The ECP1 gene has been deleted in mutant RMgm-5057 (line 3172cl1(2nd)) that lacks expression of QC and expresses luciferase under the control of the eef1α (PBANKA_1133300) promoter and, in addition, mCherry under the control of the hsp70 (PBANKA_0711900) promoter. Mutant RMgm-5057 does not contain a drug-selectable marker (SM) that has been removed by negative selection from mutant RMgm-5056 (line 2930cl1).
Protein (function)
QC: N-terminal modification of glutamine or glutamic acid residues to pyroglutamic acid (pGlu; 5-oxo-L-46 proline) is a posttranslational modification (PTM), catalyzed by glutaminyl cyclases (QCs) found in eukaryotes and prokaryotes. Two evolutionary unrelated classes exist; mammalian QCs and QCs of bacteria, plants and parasites, which share no sequence homology, supporting a different evolutionary origin. Mammalian cells can express two forms, the secreted glutaminyl‐peptide cyclotransferase (QPCT) or its iso-enzyme (QPCTL), localized in the Golgi complex. pGlu is implicated in maturation and stabilization of mammalian proteins such has neuropeptides and cytokines. QC activity has been associated in humans with pathological processes such as amyloidotic diseases and QPCTL is critical for pGLu formation on CD47, facilitating myeloid immune evasion. A single gene encoding a glutaminyl cyclase (QC), named glutaminyl-peptide cyclotransferase, has been identified by electronic annotation in all sequenced Plasmodium genomes. Plasmodium QCs share 70-76% sequence similarity and 50-54% identity and contain a transmembrane domain. QC of the human malaria parasite P. falciparum (PfQC) shows 21-27% identity to QCs of various 64 bacteria and the plant Carica papaya (CpQC). All 9 amino acids of the catalytic site of bacterial and plant QCs are conserved in Plasmodium QC.
CRM4:
The Cysteine Repeat Modular Proteins (CRMP1–4) of Plasmodium, are encoded by a small gene family that is conserved in malaria and other Apicomplexan parasites. They are very large, predicted surface proteins with multipass transmembrane domains containing motifs that are conserved within families of cysteine-rich, predicted surface proteins in a range of unicellular eukaryotes, and a unique combination of protein-binding motifs, including a > 100 kDa cysteine-rich modular region, an epidermal growth factor-like domain and a Kringle domain.

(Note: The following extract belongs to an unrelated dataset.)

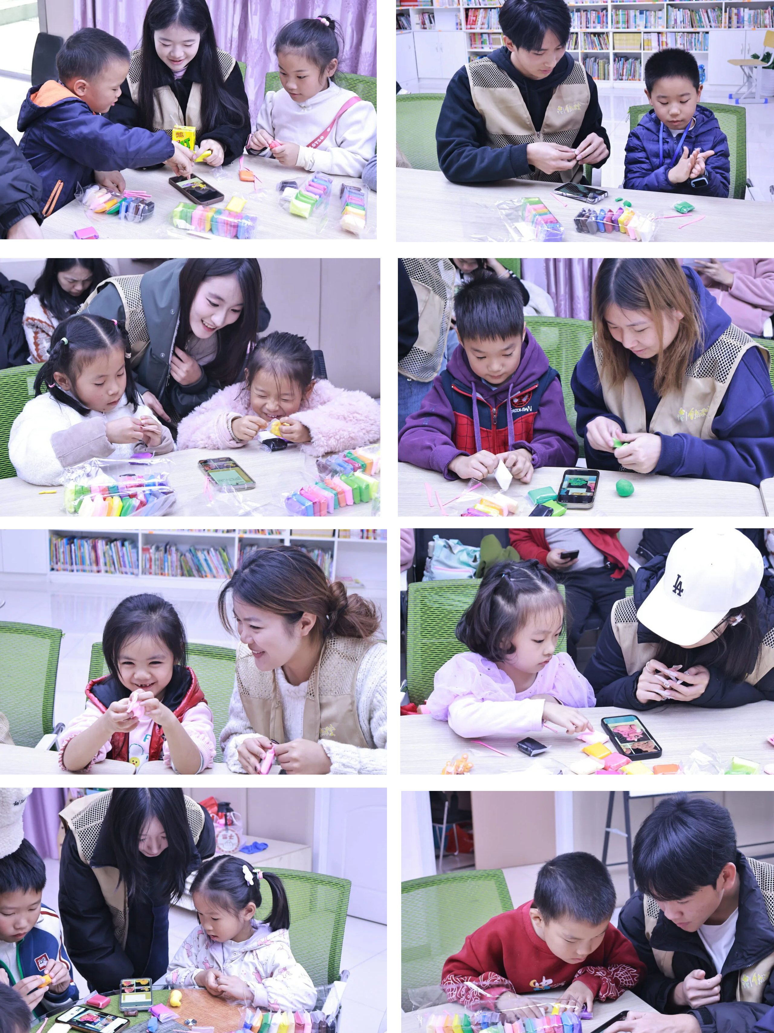 随后,充满趣味的“脊兽黏土”环节拉开帷幕。志愿者们把红、黄、灰等各色黏土分到孩子们手中,指尖还沾着黏土碎屑,就笑着指导:“先捏出小兽的身子,再慢慢刻鳞片哦!”孩子们立刻动起手,有的捏出威风的龙,举着作品说“这是带队的大哥哥”;有的专注捏着行什,边捏边念叨“要把它的小翅膀做出来,它是最调皮的小弟弟”;还有孩子对着黏土琢磨,把狻猊的头部捏得圆滚滚,得意地展示“看它吞云吐雾的样子多可爱”。制作时,孩子们不时互相递工具、提建议,笑声裹着黏土的淡淡香气飘满屋子,连阳光都似被这热闹暖得更柔了。

CRM4 is involved in egress of mature, viable sporozoites from the mature oocysts (RMgm-585).
Phenotype
Normal numbers of oocysts are produced. Sporozoite formation inside oocysts. No sporozoite egress from oocysts. No salivary gland sporozoites. No melanized oocysts (or sporozoites).
In mosquitoes infected with QC 'single knockout' mutants (RMgm-5056, RMgm-5057, RMgm-5058) melanized oocysts are present on day ten after infection in 55-65% of QC-null infected mosquitoes (1-85 melanized oocysts/mosquito), while such oocysts were absent in WT-infected mosquitoes. In addition, reduced numbers of salivary gland sporozoites are present. Light-microscopy analysis of oocysts between day 14 and 21 showed the presence of aberrant, enlarged, melanized sporozoites, either still inside or during release from oocysts. On day 21 p.i. non-motile, enlarged sporozoites covered by melanin were found in the hemocoel, often in clusters or attached to salivary glands.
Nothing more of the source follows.